C had stretched the latex comprising one of the glove's fingers as far as the material would allow. To be precise, it was the thumb, and the interior of the glove was pre-powdered. Using this digit as a makeshift condom, he and E proceeded, using his saliva as lubrication.

“And the glove did not break?” I asked.

“No. We checked it”

“And how did you feel afterward?”

“I felt healthy. In my mind, I mean.” She placed two fingers to each temple, as if she was receiving messages through the air. “Here's what else I've been scared of lately. I've been scared of grasping onto the wrong person. It's scared me that my lack of a normal life might leave me without choices. I've worried that I'd fall in love only because I wanted to fall in love. I'd do it because I had to pretend that my life had forward motion.” E looked down at her knees. When she looked back up, the shine in her eyes had returned. “I thought I'd fall in love with what I was projecting onto the other person, not the actual person.”

She stopped.

“But with C?” I prompted.

“He's more right than I'll ever be. So I'm relieved. I'm relieved that it's him.” Clearly finished with the day's proceedings, E began playing with a canister of cotton balls on the counter. She removed them and lined them up horizontally. She would not make eye contact with me.

“I'm happy that you're happy” was all I could think to say.

“How do we figure out what's going on with me?” E asked, addressing the cotton balls. “How do we prove it to ourselves?”

“I'd like to resume our session in a week. I'll organize a series of tests.”

“Medical tests?” E asked.

“No.”

She understood the implication. “What do you know about those kinds of tests?”

I told her that I would learn, and she turned and gave me the smallest smile. This, I knew, was her method of granting approval. We'd come far.

 

The next day I delved into the field of parapsychology for the first time. Before then, I had not been willing to extend my study to this domain. Once my research had a home, so to speak, I experienced a renewed optimism about the project. I knew that I was taking an academic risk by giving credence to the possibility of supernatural interference. However, I could not help but feel hopeful about taking the study in this new direction. I reminded myself that the human race would be lost today, perhaps even obsolete, had we not continued to explore unknown forces in our world. Progress, I believe, has always demanded significant risk of danger.

Spending the week at the library, I consulted as many scientific texts on supernatural occurrences as were available. When I mentioned the words “scientific” and “supernatural” in the same sentence while talking with Wainscott, he laughed and told me that the two were antithetical. By definition, he said, the supernatural exceeded the natural, and the natural was the basis for all established laws of science. “The field is not scientific,” he insisted, “because there is no science to it. It hovers above and beyond. All of that is up there floating around with God, except God has a better chance of making the books.”

I was not discouraged. He had not heard E's reports, did not know the mysterious intricacies of her history. Still, I was well aware that anecdotal evidence could not carry this study, so I began organizing experiments as controlled and well designed as possible.

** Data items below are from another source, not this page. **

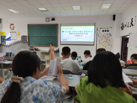 为提高新生文明意识,增强遵守规范的自觉性,促进新生养成良好的行为习惯,9月10日,辅导员周玄带领2021级全体新生在4207教室集中学习了《学生手册》。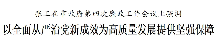 2月9日下午,市委副书记、市长张工出席市政府第四次廉政工作会议并讲话。他强调,要深入学习贯彻习近平总书记在二十届中央纪委五次全会上的重要讲话精神,落实国务院第四次廉政工作会议精神,按照市委决策部署和市纪委五次全会要求,以更高标准更实举措推进政府党风廉政建设和反腐败斗争,以全面从严治党新成效为实现“十五五”开好局起好步提供坚强保障。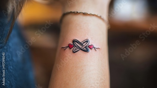 Obraz premium An elegant infinity tattoo is inked on the wrist, featuring two intertwined hearts, symbolizing eternal love and connection, drawn with precise lines and fine details.
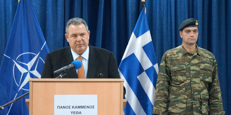 Ο Υπουργός Εθνικής Άμυνας Πάνος Καμμένος, συνοδευμένος από τον Αρχηγό ΓΕΕΘΑ Ναύαρχο Ευάγγελο Αποστολάκη ΠΝ, επισκέφθηκε την έδρα της Ελληνικής Δύναμης Κοσσυφοπεδίου στην περιοχή της Πρίστινα, προκειμένου να ανταλλάξει ευχές με το προσωπικό ενόψει του Πάσχα.
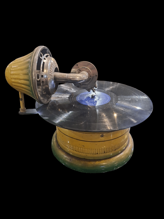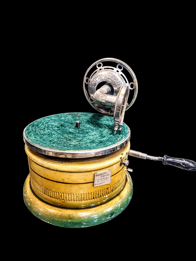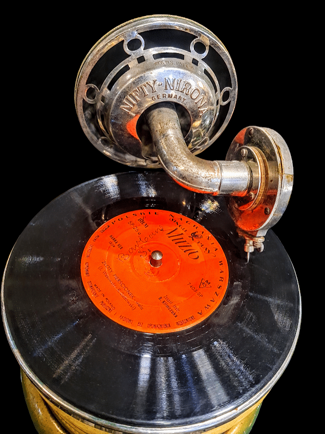 Patefon miniaturowy, do użytku turystcznego albo dziecięcego, Nifty-Nirona, pochodzący z Niemiec, XIX – XX wiek. Miniaturowy patefon to zminiaturyzowana, przenośna wersja urządzenia do mechanicznego odtwarzania dźwięku z płyt. Oryginalnie było to urządzenie o napędzie mechanicznym, wynalezione przez braci Pathé i produkowane głównie w latach 1905–1920. Patefon w odruznieniu od gramofonu korzystał z płyt wgłębnych i odtwarzał dźwięk od środka na zewnątrz, używając kulki (np. szafirowej) zamiast igły. Ta konstrukcja niemal eliminowała szumy, co było znacznym usprawnieniem względem gramofonu. Ich przeznaczeniem było używanioe go w celach turystycznych, dziecięcych (jako zaawansowana zabawka), oraz domowych (gdzie liczył się mniejszy rozmiar).Miniaturowe patefony były w swoim czasie zaawansowanymi technicznie urządzeniami, które demokratyzowały dostęp do muzyki, umożliwiając jej słuchanie poza domem. Dziś są poszukiwanymi obiektami kolekcjonerskimi.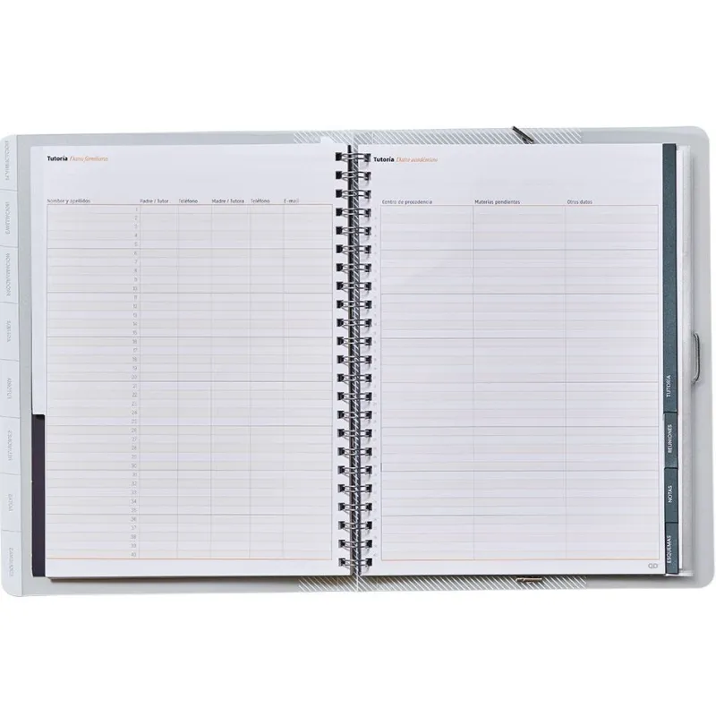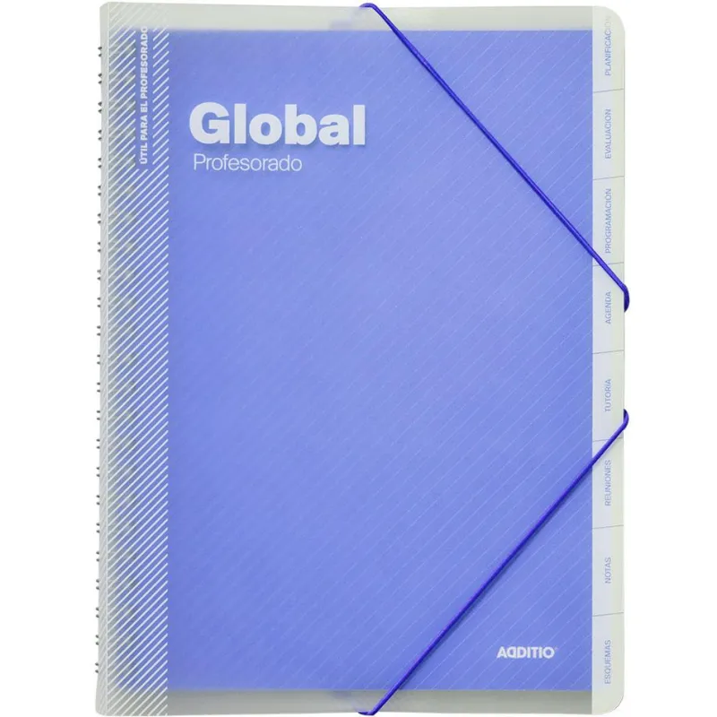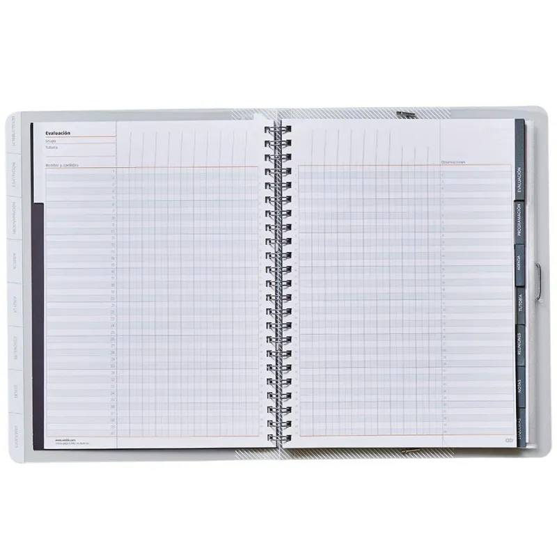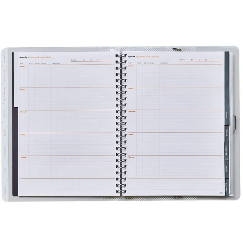 Libro para el trabajo diario del profesor. Contenido: Datos personales y horario, EVALUACIÓN continua, FOTOGRAFÍAS de los diferentes grupos, PROGRAMACIÓN por grupos o materias, TUTORÍA, FOTOGRAFÍAS del grupo, HORARIO del grupo, DATOS personales y familiares de los alumnos, ENTREVISTAS y REUNIONES. Incluye: Separadores móviles, regla marcapaginas,fundas de polipropileno transparentes para una rápida identificación y máxima carga. Colores surtidos.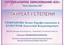 Преподаватели Детской школы искусств Гимранова Галия Гарафетдиновна и Кунгуров Анатолий Владимирович стали лауреатами первой степени Международного конкурса научных, учебно-методических и творческо-педагогических проектов "Музыкальное образование-XXI". В составе жюри конкурса были профессора Московской консерватории и Российского государственного педагогического университета им А.И. Герцена. Победа преподавателей #основноезданиеМира45 в столь престижном конкурсе свидетельствует об их профессионализме и мастерстве. Желаем Галие Гарафетдиновне и Анатолию Владимировичу новых творческих успехов и достижений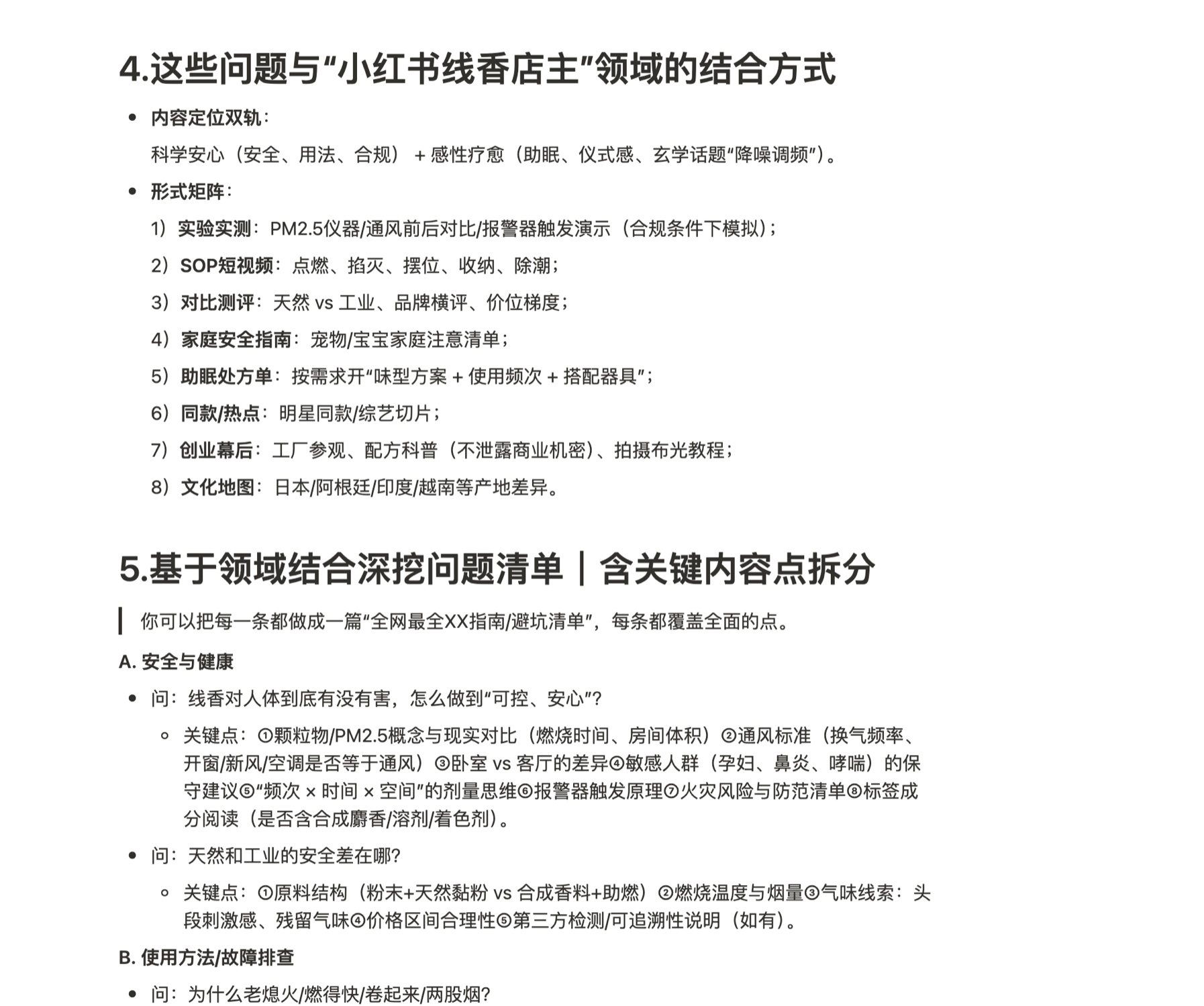 本文介绍了一个利用AI分析小红书用户搜索关键词,以发掘店铺营销痛点和优化选题的实用技巧。通过洞察用户搜索的“线香推荐”、“线香危害”、“线香创业”等热词,AI能够精准识别目标用户群体对产品效果、健康影响、使用方法乃至创业机会的关注点。文章详细阐述了AI如何从用户痛点出发,模拟用户提问,并将这些痛点与线香店铺的运营领域相结合,最终产出一份月度内容选题计划。该方法旨在帮助小红书店主更有效地吸引用户,提升店铺的吸引力和转化率。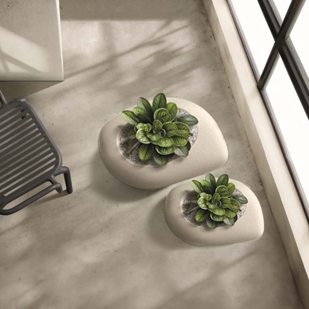 Η γλάστρα - κασπώ Yeke tiny granite ξεχωρίζει για τον οργανικό, ασύμμετρο σχεδιασμό της που θυμίζει φυσική πέτρα. Το χαμηλό της προφίλ την καθιστά ιδανική για επιτραπέζιες συνθέσεις, παρτέρια, βραχόκηπους ή minimal διαμορφώσεις εξωτερικού χώρου.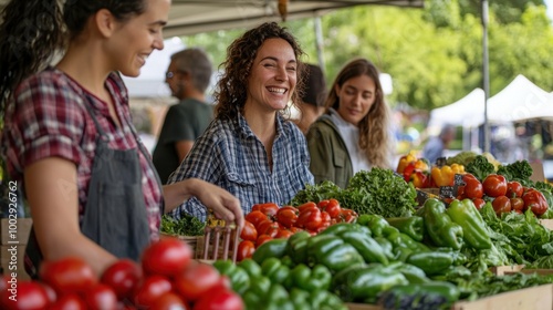 Vibrant Outdoor Farmers Market Stalls with Fresh Organic Produce and Crops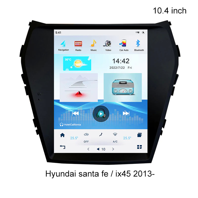 Discover a new way to enjoy your drive with the 10.4 Inch Car Radio for Hyundai Santa Fe / Ix45 2013- Tesla Vertical Screen Bluetooth GPS Navigation Stereo Head Unit. This state-of-the-art device features a 10.4 inch vertical screen, Bluetooth connectivity, and advanced GPS navigation capabilities. Get ready to make every journey an adventure!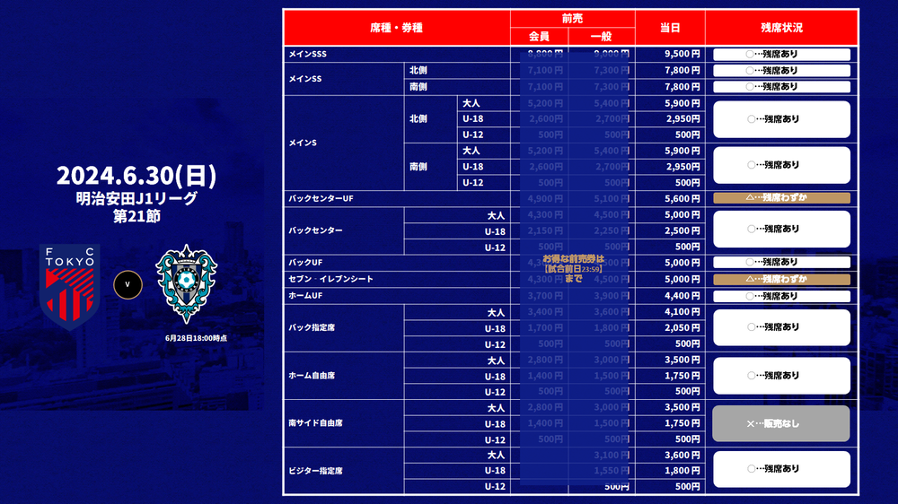 チケットFC東京(Jリーグチケット)でのみ販売いたします。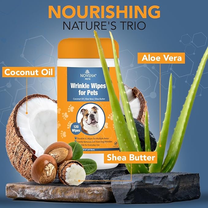 • NATURALLY HEALTHY PET SKIN - Infused with Aloe Vera and Coconut Oil, NOVEHA Wrinkle Wipes for dogs provide a soothing and hydrating experience for your dog’s skin, promoting comfort and vitality. Elevate your pet's well-being.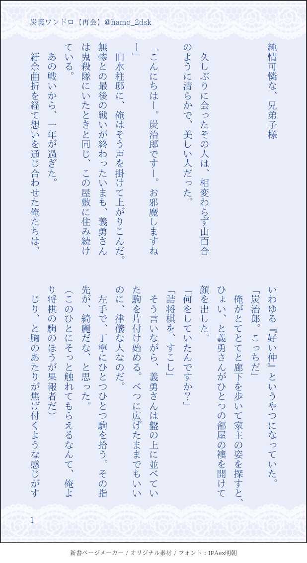 hamo_2dsi☆quiet followPAST炭義ワンドロライ「再会」接吻で子供が出来ると思ってる兄弟子の話 ##炭義 show all(+4 images) Tap to full screen (size:618x1132).Repost is prohibited Let's send reactions! freqpopularsnackothersPayment processing Replies from the creator Follow creator you care about!☆quiet follow hamo_2dsiPAST資産家の息子義勇×翼人炭治郎の純愛物語。歌歩さんのゲスト本に寄稿した小説のweb再録です。執着愛がテーマでした。だいぶ特殊な人外パロなので大丈夫な人だけ。18歳以上ですか? y/n 28054 hamo_2dsiDONE淫魔の義勇さんがカレーを作ってくれたり炭治郎くんの童貞を頂いたりする話。「淫魔とトルタ・パラディーゾ」の続き。注意⚠・受け優位/攻め劣位・攻めがよく喘ぐというか泣く・攻めに異物(?)挿入(しっぽ姦)・パスはおしりから挿入れて下さいちんちんの挿入は炭→義のみ。18↑? 30609 hamo_2dsiPAST炭義「告解」の後日談(204話後)。誤解・すれ違い・野外おせっせ。オフ本の書き下ろしでしたが再版の予定が無いのでweb再録します。本編はpixivにあります。本を手に取って頂いてありがとうございました。 13655 hamo_2dsiPAST義炭+錆兎のギャグ。何でも許せる人向け。かなり昔に人様のマロの送りつけた「錆兎がいっぱいコレクション」 1163 hamo_2dsiDONE春待ち攻受父父企画に参加させて頂いた「情け雨」のすけべ部分です。甘さ一切無しのビターなすけべ。蛇足かなと思いながら書いてしまったので…。 1832 hamo_2dsiPAST炭義。寄稿した原稿のweb再録。犬も食わないような話を書きたいと思って書きました。年下ワンコ攻め炭治郎くんがキャンキャンしてる。原作軸です。かすさんゲストに呼んで頂いてありがとうございました!! 18202 recommended works 星を見つめる184DOODLE切磋琢磨し合う2人が好き😭 2 POI10430365MOURNING自カプのエロ漫画 途中までなんですが出来次第また続きを載せます 28 Mx_Merfolk_cosTRAINING【コス】兄上メイク練習 シーツ1枚目がすっぴんイメージで2、3はちょっとピンク入れてる横着した(眉毛ちゃんと潰さなかった)のであんまうまくいってないかもあとやっぱカラコンもっと大っきいのに変えたほうがいい 3 vs_ab97MENUismo WEBオンリー展示ページ全年齢漫画(1ページで限界でした)(🔑開催日2日目の日付、4桁)*そのあと🩵は盗撮の件がバレて(最初からバレてる)脅され💙の言いなりになる。 S.L. PyneDONE「你殺了我的妻子,」少爺冷冷宣佈,「我雖然不能殺了你,卻能讓你感受一下生不如死的滋味。」 5 404DOODLEgod magnus x fire convey🔞18↑?y/n 6 めんたDOODLE※夢絵風邪引いた夢主(俺)の看病してくれるしのぶ(彼女???) UwaehhhDONEEdgar Valden self-harm yes/no? POI11249118DOODLEhttps://www.karendoll.com/最近も色々新しいラブドールを発売しました。でも新しいラブドールでも、決して人気ラブドールより優れているわけではないので、今回は最近の人気ラブドールを紹介していきたいと思います。最近ラブドールに趣味を持っている方はぜひ最後まで見てください。気になる子が見つけるかもしれません。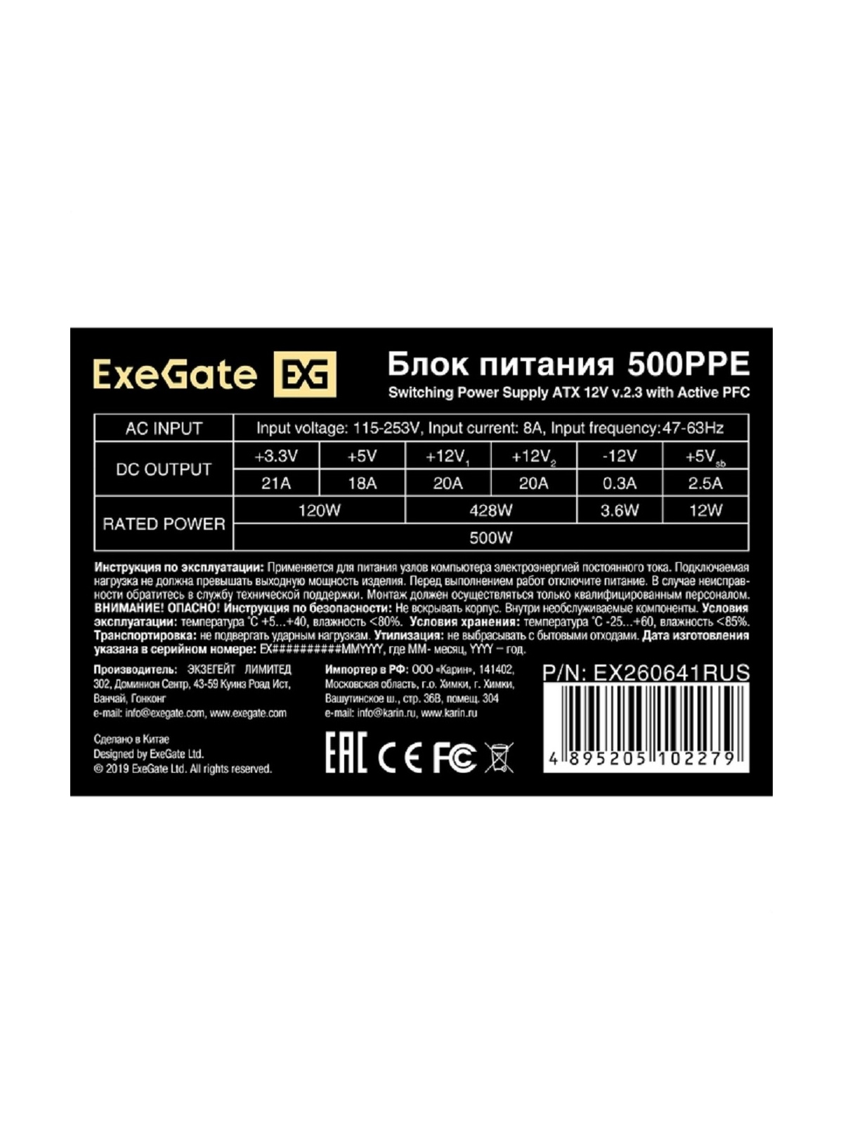 Блок питания 500W ExeGate 500PPE (ATX, APFC, PC, КПД 80% (80 PLUS), 12cm fan, 24pin, 2x(4+4)pin, 2xPCI-E, 5xSATA, 3xIDE, black, кабель 220V в комплекте)

I decided to conduct the experiments in my home. While this might seem unprofessional, I wished to remove E from the infirmary environment. All of her previous encounters with the apparition had occurred within the walls of Health Services, and I was interested to see if she experienced supernatural manifestations outside of the building. Furthermore, I felt that E's concentration might be improved outside of her normal surroundings. She carried a weighty emotional attachment to the infirmary, as it was a constant reminder of her ceaseless illnesses. I also believed that E's recent and growing attachment to C would be an additional distraction. I suspected that she had not told him the extent of our involvement, and I was concerned that her fears about confidentiality would be an additional complication.

In essence, I was hoping that moving the proceedings to my home would help E to forget who she was. If we conducted the experiments in the comfortable environs of a residence, I thought that she might find it easier to clear her mind.